I'm trying to use OpenMP to offload on an AMD GPU, I read in the OpenMP 4.5 specification that the target device represents a device on which code and data can be uploaded, but I canβt tell if the offload was successful or if it really was offloaded to my graphic AMD processor.

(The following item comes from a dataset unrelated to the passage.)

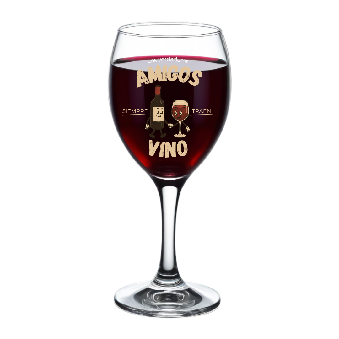 Copa de vino con frase » Los verdaderos amigos siempre traen vino «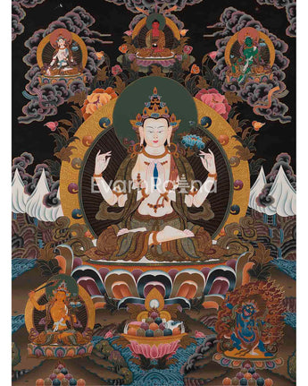 Original 4 Armed Chenrezig Thangka | Surrounded by Green Tara, White Tara, Manjushri, Amitabha Buddha, and Vajrapani |

To check whether the unloading really works, I tried to calculate the time with and without pragmas and check the difference using the wall time, but the time returned in both cases is 0:
This is the simple code used for the test, I will try to use it in my project:
int n = 10240; float a = 2.0f; float b = 3.0f;
float *x = (float*) malloc(n * sizeof(float));
float *y = (float*) malloc(n * sizeof(float));
double start = omp_get_wtime();
#pragma omp target data map(to:x)
{
#pragma omp target map(tofrom:y)
#pragma omp teams
#pragma omp distribute parallel for
for (int i = 0; i < n; ++i){
y[i] = a*x[i] + y[i];
}
#pragma omp target map(tofrom:y)
for (int i = 0; i < n; ++i){
y[i] = b*x[i] + y[i];
}
}
std::cout << "Time: " << (omp_get_wtime() - start) * 1000.0 << " ms" <<std::endl;
free(x); free(y); return 0;
}
NB: I am using gcc 5.1.0 on Windows
Any help would be greatly appreciated.